Flipt: Continuous Configuration

Overview

Flipt is an open-source feature flag tool that we use for backend feature-flags. For clarity, we refer to this capability as 'continuous configuration' or 'Fipt flags', not 'feature flagging' to distinguish between Flipt (which does not involve userId/organizationIddeterminations) and PostHog, which is used for frontend feature flags based on the actual user and organization context.

Continuous configuration is useful for dark deployments and canary deployments, where a new or revise code path in a service is either entirely disabled or only enabled for a certain percentage of service instances. This is a crucial capability for us, as we practice continuous deployment and therefore deploy to production for every single PR, as soon as it is merged.

Continuous configuration is distinct from environment variable configuration for long-term service config that the service relies on to even start such as database connection secrets. Flipt should not be used for values that are necessary for a service to run nor for secrets. It is specifically for the purpose of changing service behaviour on the fly, without restarting/reploying a service.

A key use-case is rollbacks. Instead of actually rolling back a service's container image, we can simply toggle the Flipt 'rollout' for a given 'flag' to false, and suddenly the service has rolled back to its previous behaviour before the (seemingly buggy) new code was introduced.

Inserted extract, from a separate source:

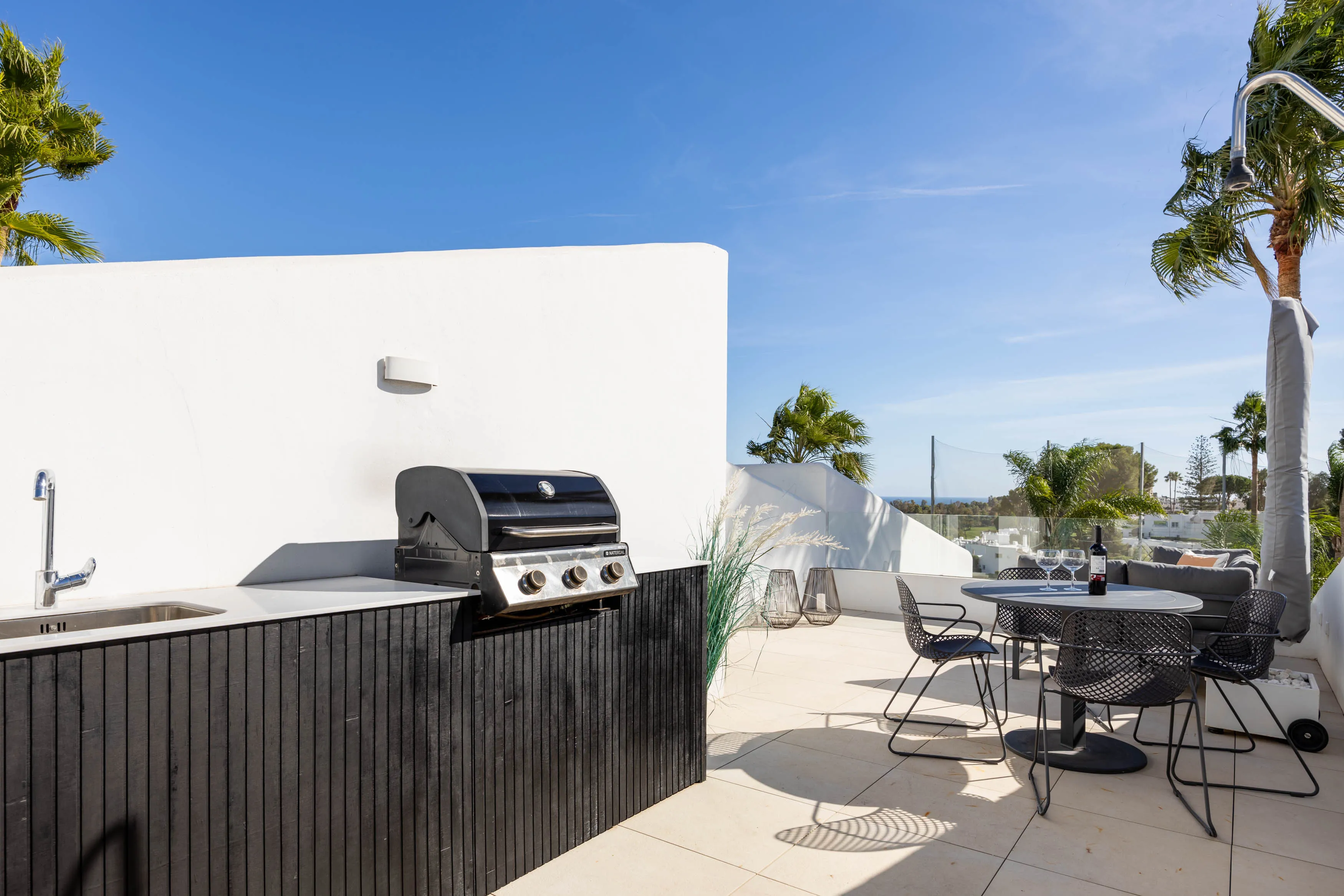 The fully equipped, kitchen flows seamlessly into a bright open-plan living and dining area, filled with natural light. Upstairs, you’ll find a spacious private terrace, perfect for sunbathing, alfresco dining, or simply relaxing while surrounded by greenery and panoramic vistas.

Similarly, continuous configuration allows us to separate deployment of new code to production from deployment of new logic to production. As long as developers properly use Flipt to contain major new service behaviour behind a Flipt flag, we can continuously deploy code without necessarily activating that new code path at the same time.

Flipt has their own docs (opens in a new tab) which are a good starting point, as while we run Flipt ourselves on ECS, we haven't forked the source code and run it just as it is out-of-the-box.

Services can use the Go (opens in a new tab) and Node (opens in a new tab) SDKs to integrate Flipt.

API

From the consuming service standpoint, the Flipt API is exactly as documented in the Flipt docs.

For developers looking to configure Flipt rules for their service, it's key to understand that our deployment of Flipt does not use a database, so we don't use the Flipt API to configure our flags. Instead, Flipt polls a dedicated S3 bucket and caches the values returned in memory.

The YAML files in that bucket conform to the Flipt configuration file schema and are pushed to the bucket from the pivot-internal GitHub repository, using Github Actions. Our Flipt instance(s) poll that S3 bucket every 15 seconds, so it takes about 45 seconds (30 seconds of GitHub Actions time included) after a commit to main that modifies our Flipt configuration fliles for the changes to take effect in Flipt. Services then poll our Flipt instance(s) every 15 seconds, bringing total time to roughly 60 seconds from commit to a change in service behavior. This means we can globally rollback in a minute for many types of issues with no rolling restarts required and in fact no role for the ECS control plane at all.

Deployment

Flipt runs in our ECS cluster. It is stateless and just needs access to read from S3. Consuming services can reach it using ECS Service Connect.